The so-called metamaterials are artificial composites designed to manipulate light in ways that natural materials can't—in these cases by refracting it backward. (Related: "The Power of Light" in National Geographic magazine.)
If their cloaking capabilities are fully realized, metamaterials could make an object invisible by bending light waves so that they curve around the object and then reconnect, seemingly unaltered, on the other side—similar to the way water flows around a boulder.
"Of course cloaking captures everybody's attention, but these papers aren't [just] about cloaking," said Xiang Zhang, a professor at the University of California, Berkeley, and head of the research teams publishing related papers in two different journals this week.
"[The studies] are about the ability to engineer these material properties that never exist in nature. With that ability one can do many things, and cloaking is only one of them."
Such materials could also boost the power of microchips and antennas and allow the creation of "superlenses" that could image objects smaller than the wavelength of light, the study authors report.
Negative Refraction One new metamaterial, described in Science, is a microscopic arrangement of silver wires—each about 20 times thinner than a human hair—embedded in aluminum oxide.
The other metamaterial, detailed online in Nature, is a layer cake of alternating nanoscale strips of silver and magnesium fluoride that were cut into a fishnet pattern.
Both materials exhibit negative refraction—bending visible light in a different direction than expected in nature.
A pencil sticking out a glass of water, for example, normally appears slightly bent at the point where it meets the water's surface but is still seen submerged.
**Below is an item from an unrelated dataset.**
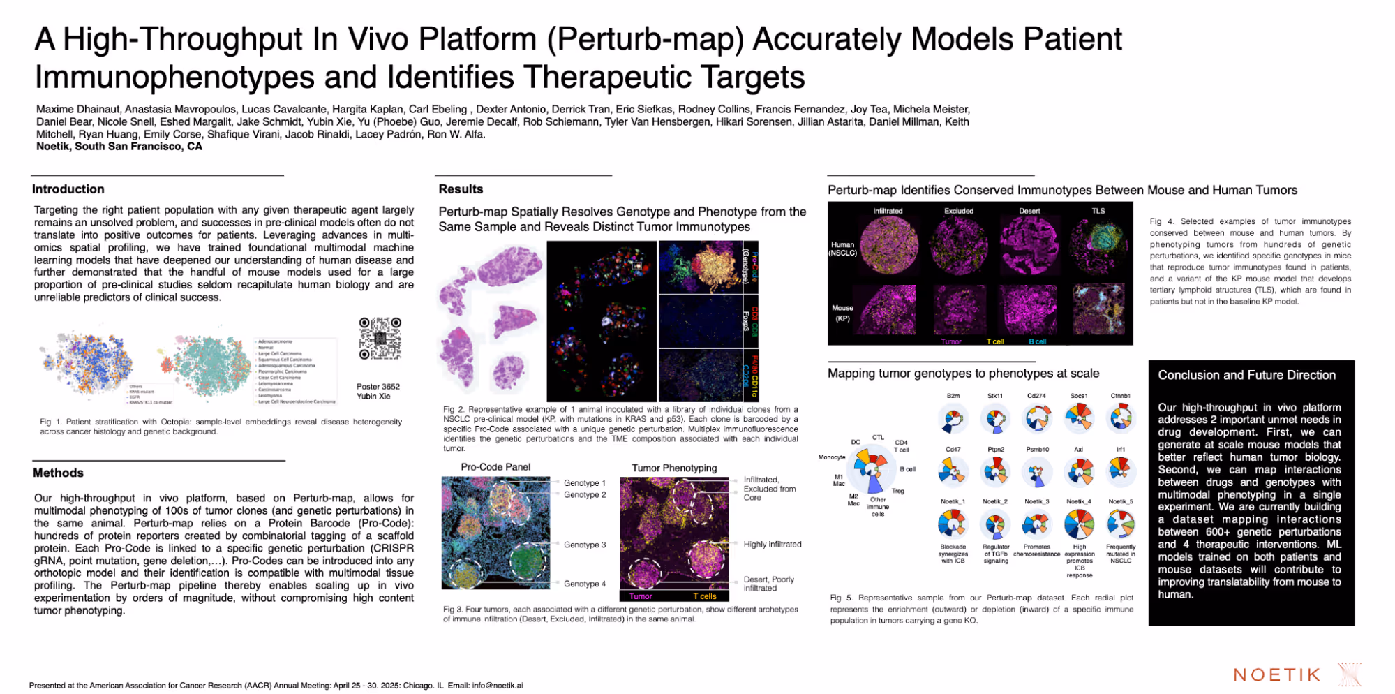 Perturb-map highlights Noetik’s platform that models human immunotypes in vivo at scale, bridging critical gaps between traditional mouse models and real-world patient biology. “This initial dataset - mapping the impact of >600 perturbations on tumor immunotypes and response to immune checkpoint blockade - demonstrates that we can generate mouse models at scale that better capture the heterogeneity of human disease” said Maxime Dhainaut, Ph.D., Director of Spatial Functional Genomics at Noetik and presenter. “We can now test pharmacologic and therapeutic hypotheses in these models simultaneously, which helps to identify which patient population would benefit the most from any given drug.”

With negative refraction, the pencil would appear to stick back out of the water.
Previous metamaterials have been able to achieve a cloaking effect only in two dimensions in larger microwave wavelengths that are not visible to humans.
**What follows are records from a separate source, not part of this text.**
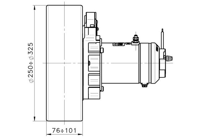 Drive wheels with a wide range of diameters, from 250 to 410 mm.
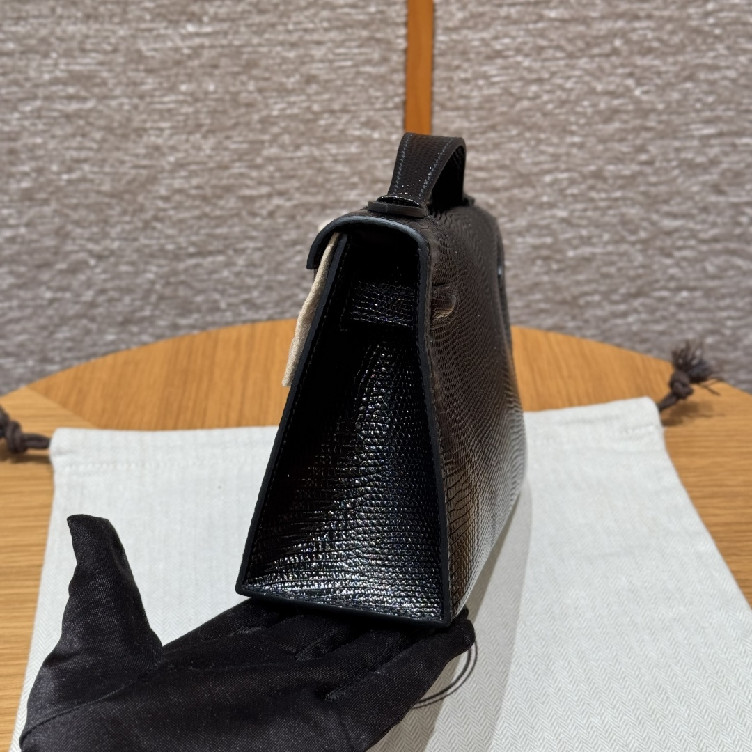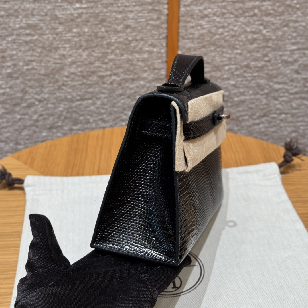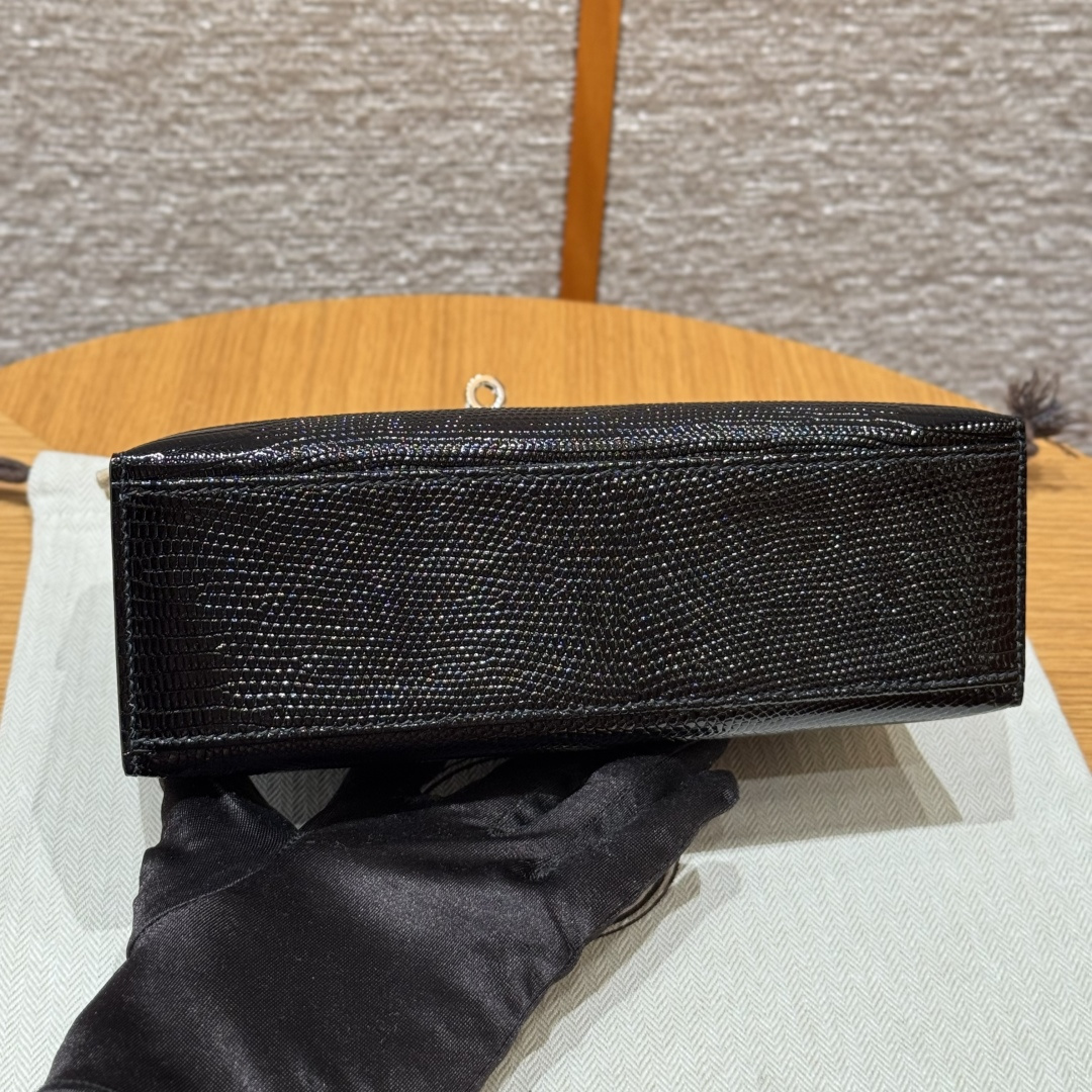 Mini Kelly first generation, black, French imported lizard skin, originally from South Africa, silver clasp, high-end fully handcrafted exclusive customization.
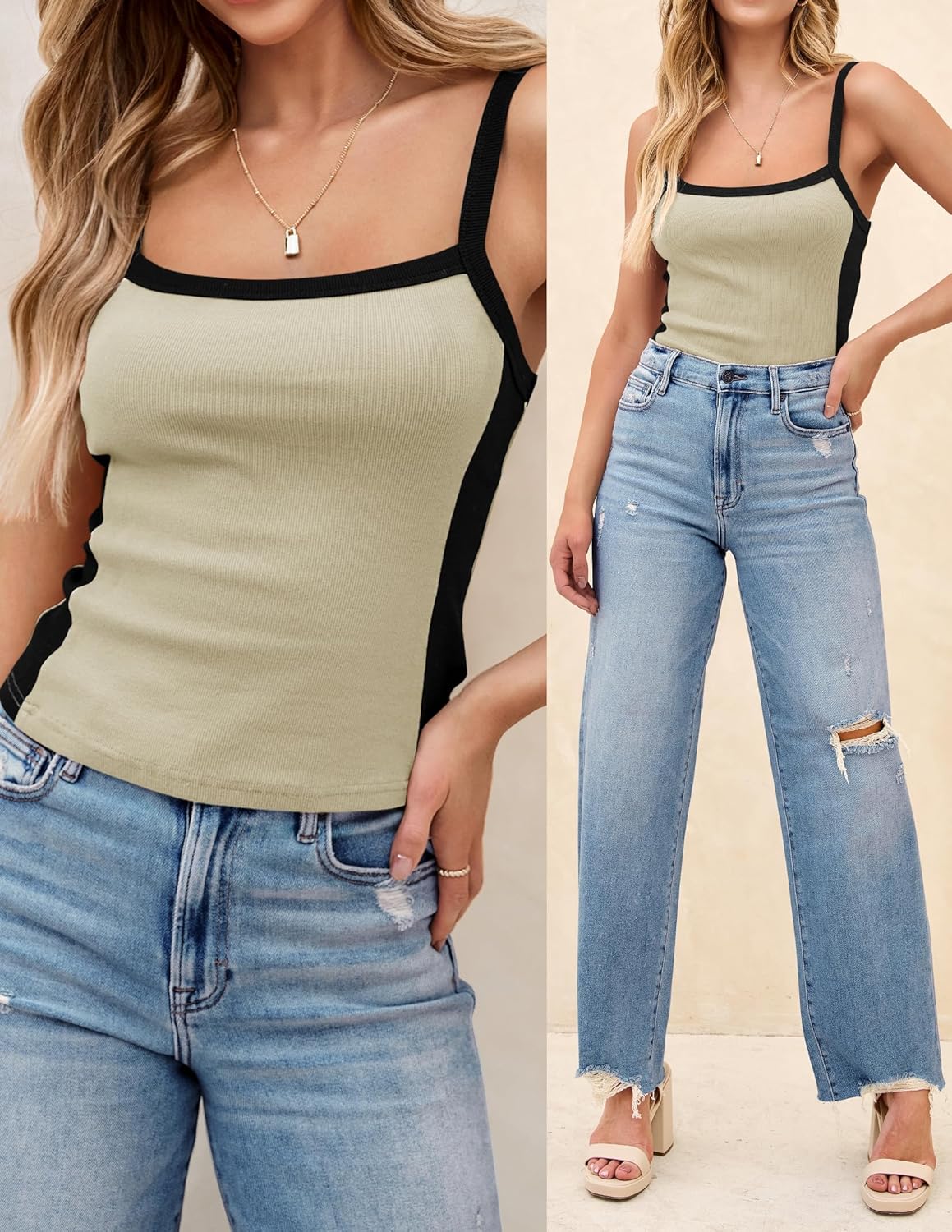 ZESICA Sleeveless Tops for Women Summer Spaghetti Straps Crop Tank Top Ribbed Knit T Shirts Slim Fit Camisole 2024 Fashion(Sand)
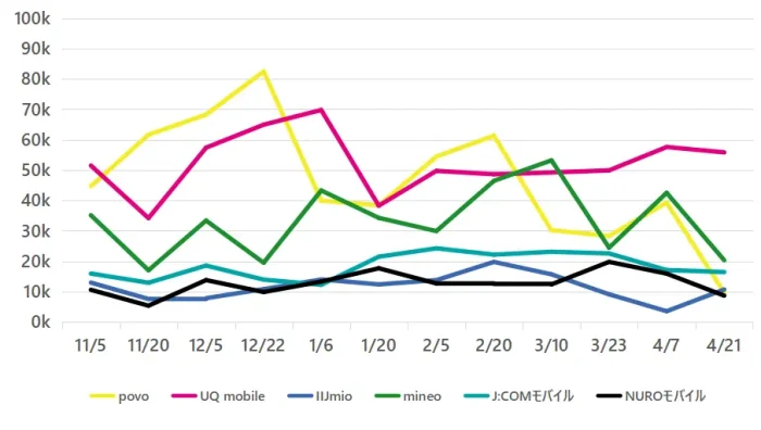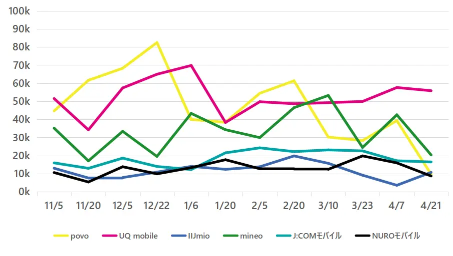 | UQ mobile | 55833 | 21.34 | 5.23 | 164 | 73.8 | 93.6 |

In addition to having 3-D negative refraction for a broader visible light spectrum, the new advances help overcome the sticky problem of energy loss.
Previous metamaterials actually absorbed most of the light, rather than bending it away, reducing the "invisible" properties. The new materials were designed to keep energy away from the most absorbent materials.
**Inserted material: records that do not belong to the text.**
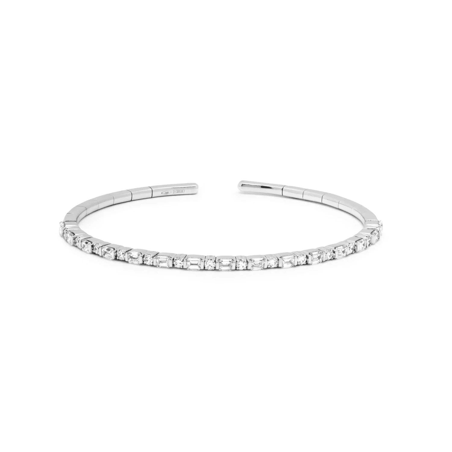 Alternating round brilliant-cut diamonds and baguette-shaped diamonds add interest to a classic fine jewelry silhouette. The Mixed Diamond Flexible Cuff Bracelet boasts nearly 2 carats of sparkling diamonds set in chic 18-karat white gold. The bangle’s flexible construction makes it comfortable to wear and easy to slip on and off.
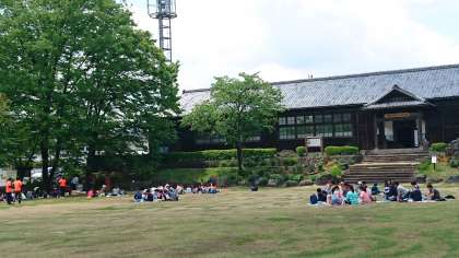 村めぐりの終点「川場村歴史民俗資料館」です。明治時代の小学校の建物を前に、お弁当をいただきました。川場村の観光の発祥地も見学しました。「ごちそうさま。」の後は、バスに乗って世田谷区を目指します。
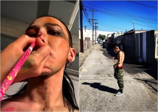 공개된 사진 속에는 얼굴 곳곳에 상처 분장을 한 지드래곤의 모습이 담겨있다.
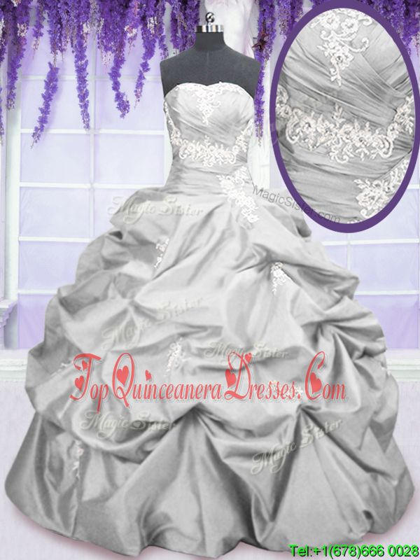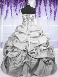 Stunning Silver Strapless Lace Up Embroidery and Pick Ups Quinceanera Dresses Sleeveless

"It's like when you try to cross a river and keep your feet dry. You may jump across stones and cross without getting your feet wet," study leader Zhang said.
"That's exactly what we did. We tried to engineer these materials such that energy passing through is hopping through [other materials] and not the metal—because in the metal you have a big energy loss."
Scaling Up
David Schurig, a physicist and metamaterial expert at North Carolina State University in Raleigh, called the types of materials discussed by both papers "probably the most exciting metamaterials in existence today."
"Even in their current state, or maybe a few generations [later], they could have applications in optical communications or imaging," added Schurig, who was not involved with the research.
But, he noted, efforts to cloak anything above microscopic size are likely quite a ways off.
"You want to cloak things that are big, otherwise they are already essentially invisible, because they are [microscopic]," Schurig said.
"To cloak a person, you need metamaterial that's on that length scale, and that's much, much bigger than what [these papers] have demonstrated."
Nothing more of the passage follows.